■ The problem ■
Starting at the line containing "Như vậy, khác" and ending at the line containing "ใช้เสิร์ฟขนม ชา จำนวนมาก", transcribe the listing below exactly. Keep both end lines, skip the pictures, and copy nothing else.

■ Data for analysis ■
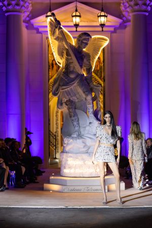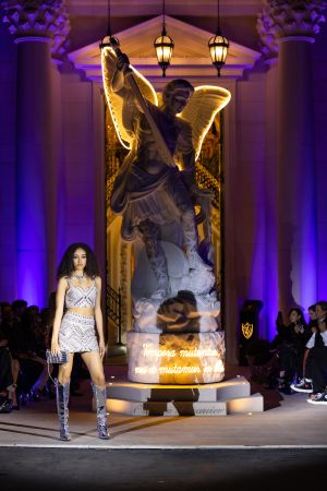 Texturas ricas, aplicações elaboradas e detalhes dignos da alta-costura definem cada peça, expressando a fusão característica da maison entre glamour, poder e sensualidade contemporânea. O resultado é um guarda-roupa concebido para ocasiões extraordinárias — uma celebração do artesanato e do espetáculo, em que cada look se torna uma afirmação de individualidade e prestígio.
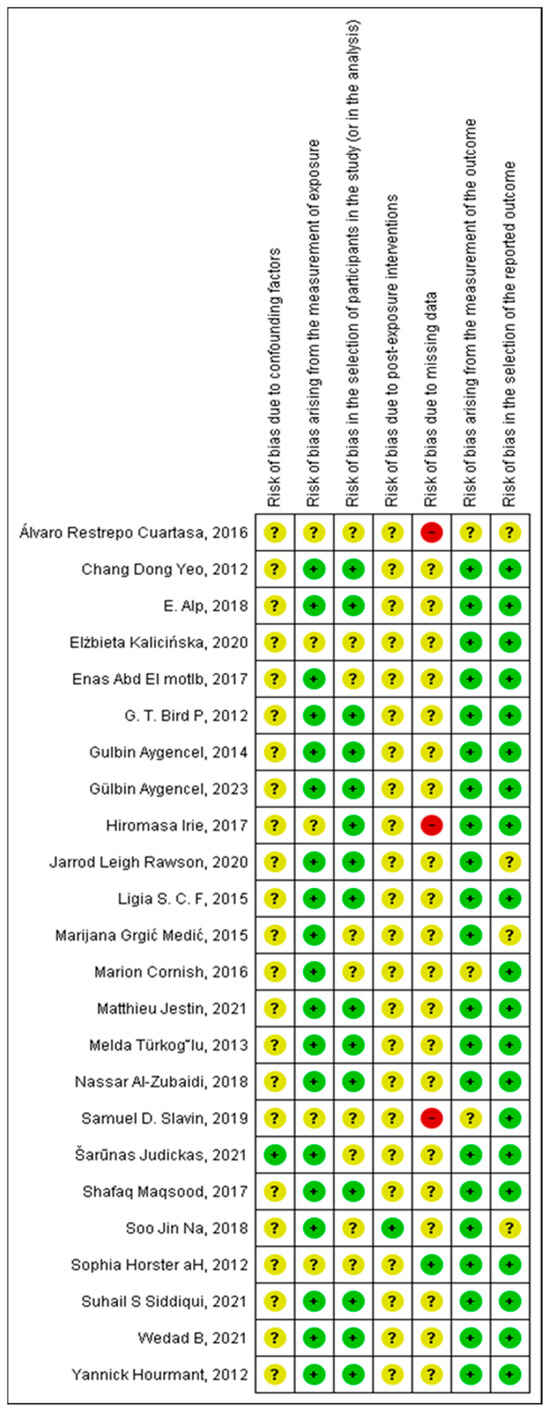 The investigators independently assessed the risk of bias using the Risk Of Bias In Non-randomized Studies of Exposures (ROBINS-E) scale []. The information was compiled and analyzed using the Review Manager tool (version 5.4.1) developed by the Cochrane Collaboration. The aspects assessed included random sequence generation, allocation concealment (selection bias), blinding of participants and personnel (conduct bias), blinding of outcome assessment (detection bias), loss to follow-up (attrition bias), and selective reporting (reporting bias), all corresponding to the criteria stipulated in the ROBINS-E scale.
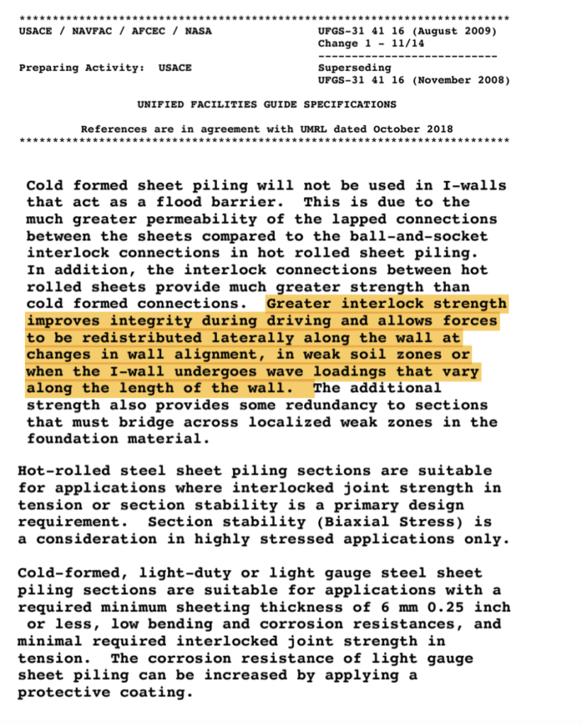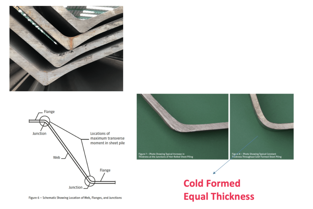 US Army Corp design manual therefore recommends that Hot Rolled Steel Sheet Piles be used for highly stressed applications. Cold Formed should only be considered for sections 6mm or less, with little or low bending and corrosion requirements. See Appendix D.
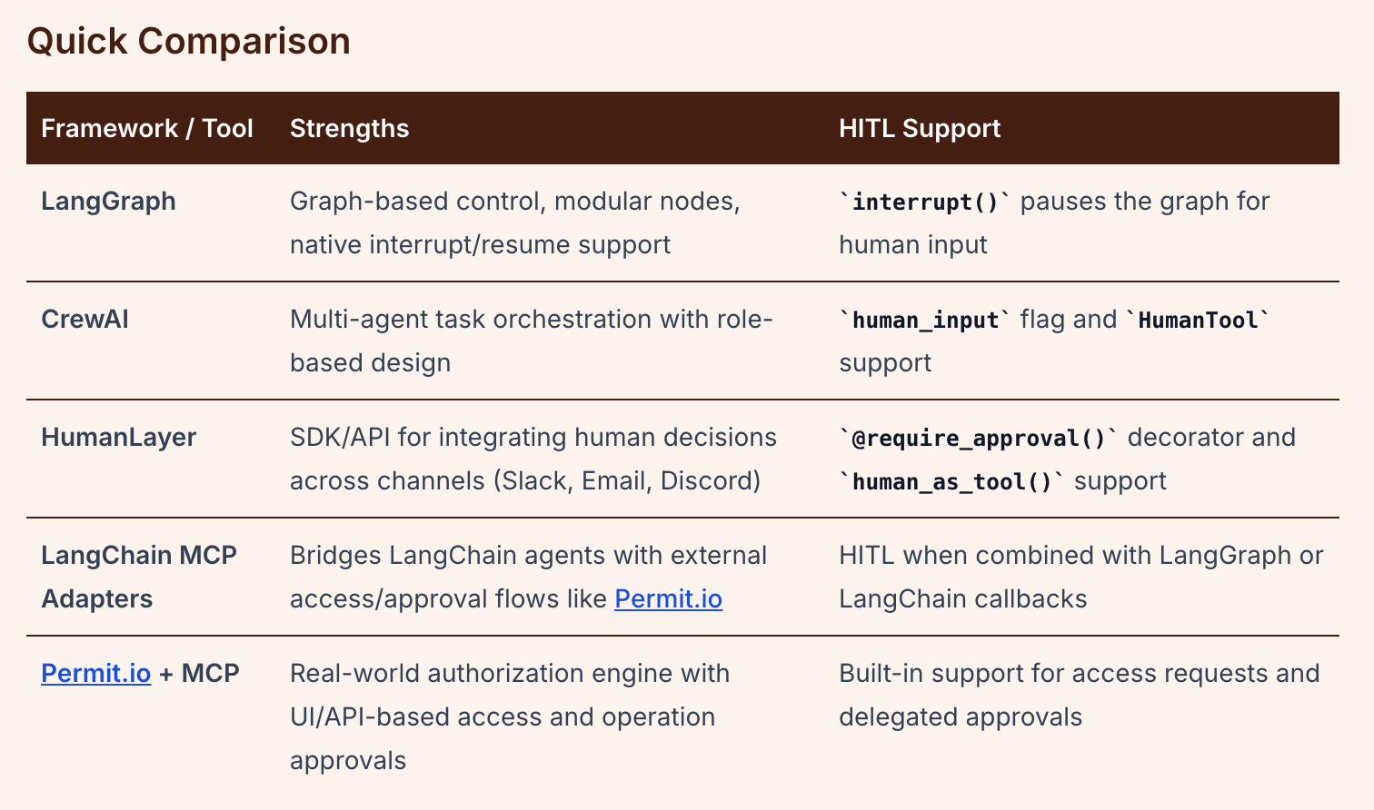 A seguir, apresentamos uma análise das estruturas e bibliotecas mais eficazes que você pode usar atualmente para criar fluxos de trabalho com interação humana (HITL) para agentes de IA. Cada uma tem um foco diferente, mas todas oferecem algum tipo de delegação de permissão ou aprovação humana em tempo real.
---
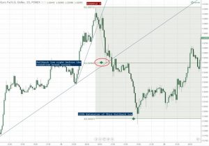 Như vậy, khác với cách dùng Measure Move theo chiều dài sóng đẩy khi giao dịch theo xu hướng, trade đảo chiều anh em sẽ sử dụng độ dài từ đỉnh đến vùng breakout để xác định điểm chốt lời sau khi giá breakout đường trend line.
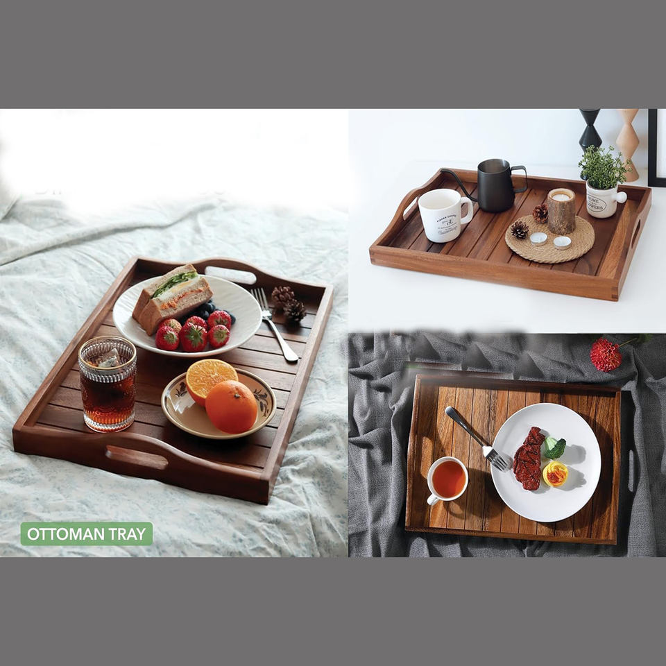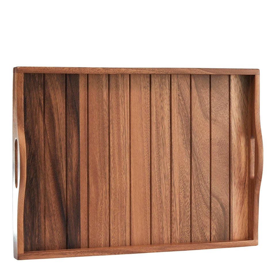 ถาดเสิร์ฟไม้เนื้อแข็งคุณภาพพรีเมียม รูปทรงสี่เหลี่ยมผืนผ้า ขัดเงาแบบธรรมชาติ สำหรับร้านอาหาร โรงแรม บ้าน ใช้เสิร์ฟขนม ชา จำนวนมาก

■ Reply ■
 Như vậy, khác với cách dùng Measure Move theo chiều dài sóng đẩy khi giao dịch theo xu hướng, trade đảo chiều anh em sẽ sử dụng độ dài từ đỉnh đến vùng breakout để xác định điểm chốt lời sau khi giá breakout đường trend line.
 ถาดเสิร์ฟไม้เนื้อแข็งคุณภาพพรีเมียม รูปทรงสี่เหลี่ยมผืนผ้า ขัดเงาแบบธรรมชาติ สำหรับร้านอาหาร โรงแรม บ้าน ใช้เสิร์ฟขนม ชา จำนวนมาก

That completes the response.